What is being asked »
Down to the last line, set down the material below exactly, excluding pictures.

The data »
----
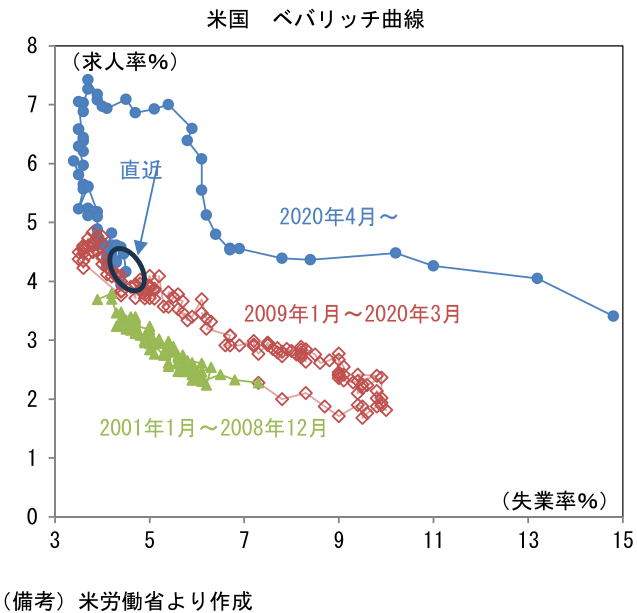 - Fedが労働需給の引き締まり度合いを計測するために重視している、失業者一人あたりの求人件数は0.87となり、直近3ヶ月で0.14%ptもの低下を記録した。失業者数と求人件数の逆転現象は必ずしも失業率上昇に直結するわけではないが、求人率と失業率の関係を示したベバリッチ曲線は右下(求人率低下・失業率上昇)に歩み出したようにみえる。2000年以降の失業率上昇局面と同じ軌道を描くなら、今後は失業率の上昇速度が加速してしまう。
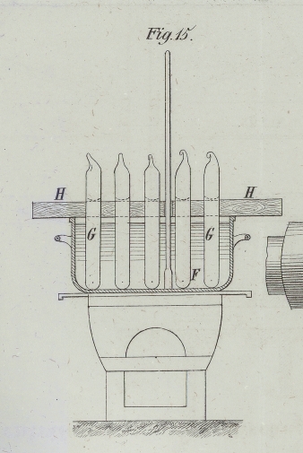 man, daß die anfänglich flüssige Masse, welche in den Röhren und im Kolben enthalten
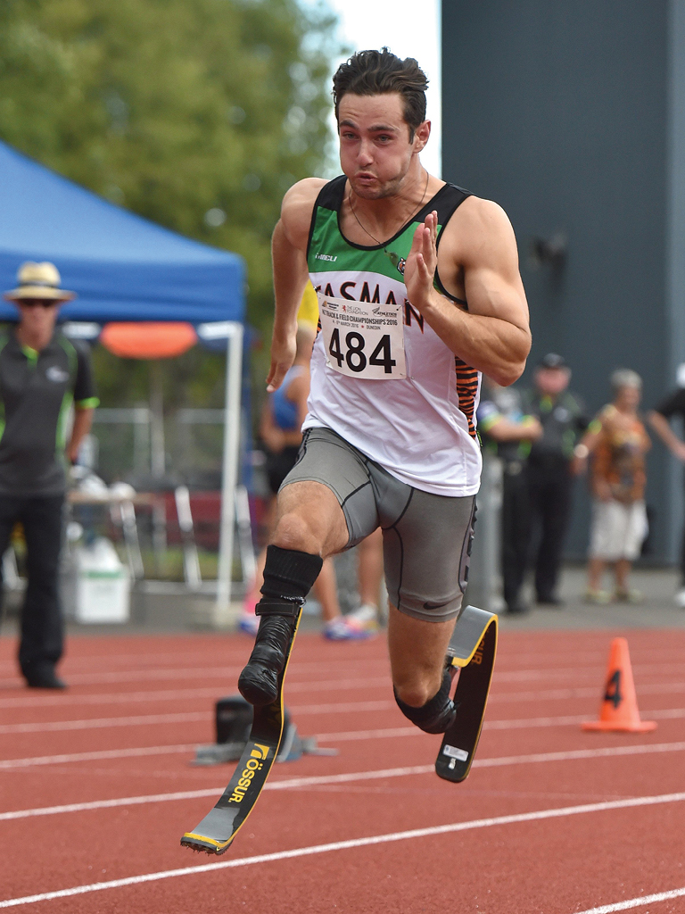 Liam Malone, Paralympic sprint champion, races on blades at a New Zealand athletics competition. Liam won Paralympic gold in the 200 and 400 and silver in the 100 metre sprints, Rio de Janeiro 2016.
----
Exercise answer »
 - Fedが労働需給の引き締まり度合いを計測するために重視している、失業者一人あたりの求人件数は0.87となり、直近3ヶ月で0.14%ptもの低下を記録した。失業者数と求人件数の逆転現象は必ずしも失業率上昇に直結するわけではないが、求人率と失業率の関係を示したベバリッチ曲線は右下(求人率低下・失業率上昇)に歩み出したようにみえる。2000年以降の失業率上昇局面と同じ軌道を描くなら、今後は失業率の上昇速度が加速してしまう。
 man, daß die anfänglich flüssige Masse, welche in den Röhren und im Kolben enthalten
 Liam Malone, Paralympic sprint champion, races on blades at a New Zealand athletics competition. Liam won Paralympic gold in the 200 and 400 and silver in the 100 metre sprints, Rio de Janeiro 2016.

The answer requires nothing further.